WHAT IS EXPECTED = Set the listing down exactly; no pictures.

RECORDED INFORMATION =
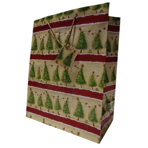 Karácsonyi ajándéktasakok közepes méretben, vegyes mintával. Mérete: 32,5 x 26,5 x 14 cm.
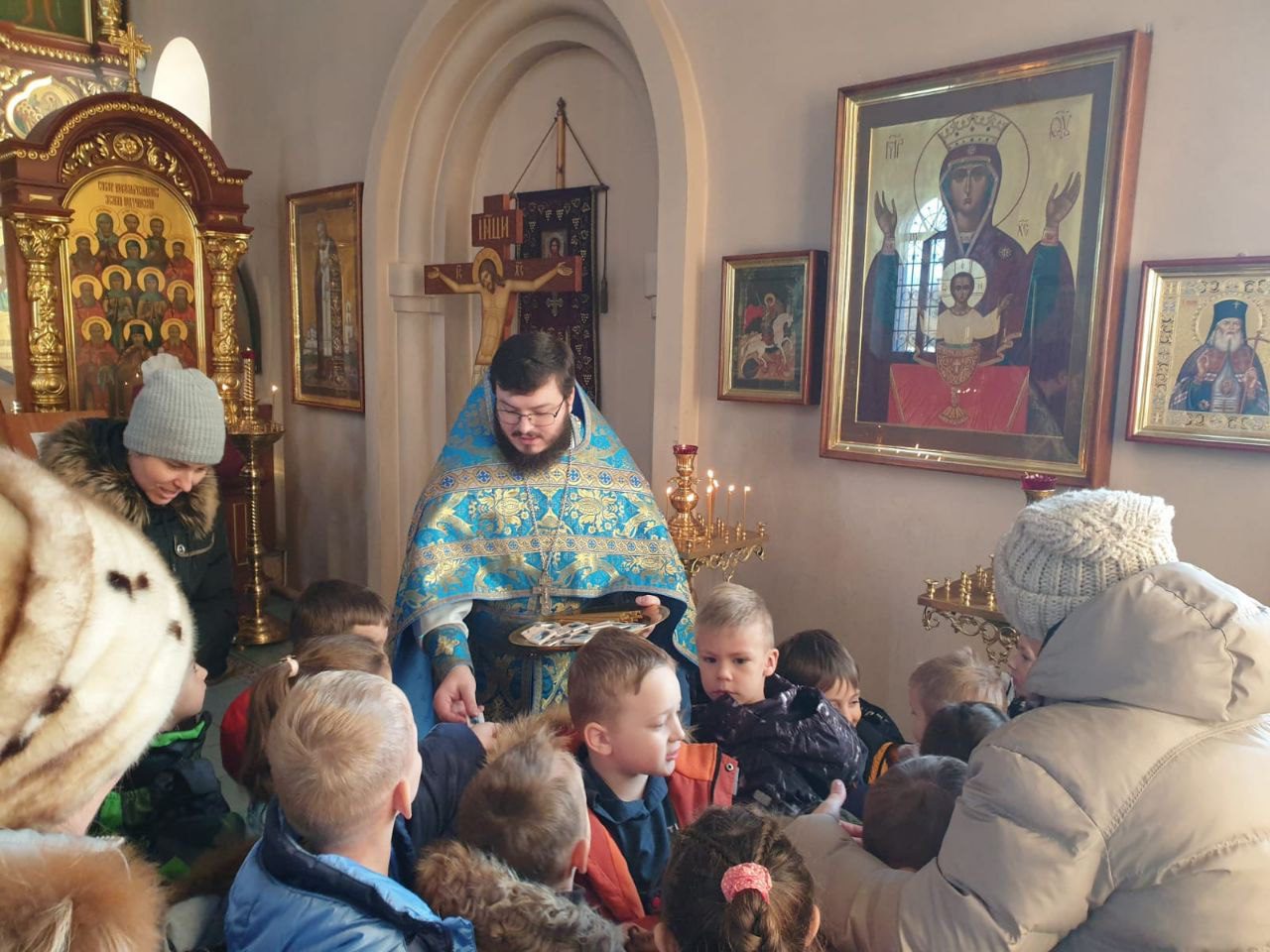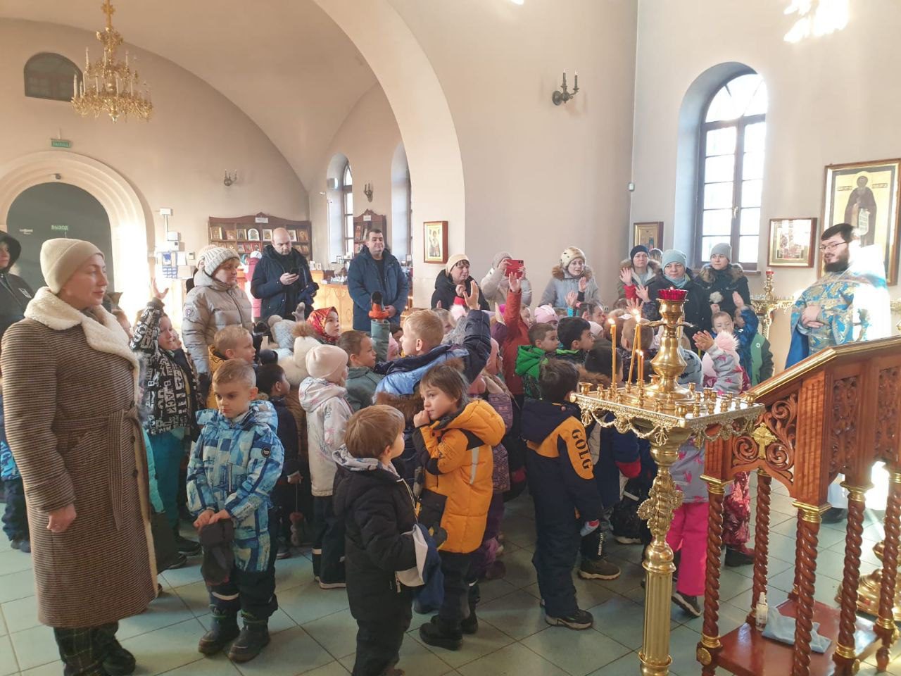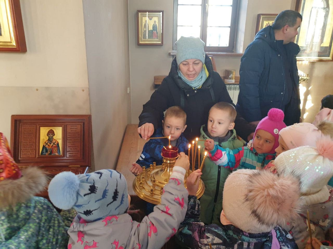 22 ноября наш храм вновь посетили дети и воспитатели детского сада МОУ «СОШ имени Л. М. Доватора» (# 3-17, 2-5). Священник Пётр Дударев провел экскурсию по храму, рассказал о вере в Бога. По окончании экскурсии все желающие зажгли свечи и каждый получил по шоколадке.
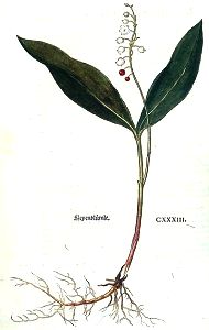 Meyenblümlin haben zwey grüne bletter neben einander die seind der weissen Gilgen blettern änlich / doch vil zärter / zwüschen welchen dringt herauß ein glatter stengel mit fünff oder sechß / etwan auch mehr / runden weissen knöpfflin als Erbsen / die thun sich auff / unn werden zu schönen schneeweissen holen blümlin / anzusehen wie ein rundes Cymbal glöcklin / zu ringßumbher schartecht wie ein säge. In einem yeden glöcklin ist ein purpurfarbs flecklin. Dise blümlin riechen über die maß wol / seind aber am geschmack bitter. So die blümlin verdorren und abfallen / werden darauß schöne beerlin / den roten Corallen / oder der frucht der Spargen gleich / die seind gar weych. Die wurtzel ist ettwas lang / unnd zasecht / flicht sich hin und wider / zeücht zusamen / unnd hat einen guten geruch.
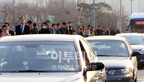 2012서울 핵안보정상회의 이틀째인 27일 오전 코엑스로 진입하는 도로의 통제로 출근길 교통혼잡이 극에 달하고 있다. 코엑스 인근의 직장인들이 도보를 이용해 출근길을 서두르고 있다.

TASK OUTPUT =
 Karácsonyi ajándéktasakok közepes méretben, vegyes mintával. Mérete: 32,5 x 26,5 x 14 cm.
 22 ноября наш храм вновь посетили дети и воспитатели детского сада МОУ «СОШ имени Л. М. Доватора» (# 3-17, 2-5). Священник Пётр Дударев провел экскурсию по храму, рассказал о вере в Бога. По окончании экскурсии все желающие зажгли свечи и каждый получил по шоколадке.
 Meyenblümlin haben zwey grüne bletter neben einander die seind der weissen Gilgen blettern änlich / doch vil zärter / zwüschen welchen dringt herauß ein glatter stengel mit fünff oder sechß / etwan auch mehr / runden weissen knöpfflin als Erbsen / die thun sich auff / unn werden zu schönen schneeweissen holen blümlin / anzusehen wie ein rundes Cymbal glöcklin / zu ringßumbher schartecht wie ein säge. In einem yeden glöcklin ist ein purpurfarbs flecklin. Dise blümlin riechen über die maß wol / seind aber am geschmack bitter. So die blümlin verdorren und abfallen / werden darauß schöne beerlin / den roten Corallen / oder der frucht der Spargen gleich / die seind gar weych. Die wurtzel ist ettwas lang / unnd zasecht / flicht sich hin und wider / zeücht zusamen / unnd hat einen guten geruch.
 2012서울 핵안보정상회의 이틀째인 27일 오전 코엑스로 진입하는 도로의 통제로 출근길 교통혼잡이 극에 달하고 있다. 코엑스 인근의 직장인들이 도보를 이용해 출근길을 서두르고 있다.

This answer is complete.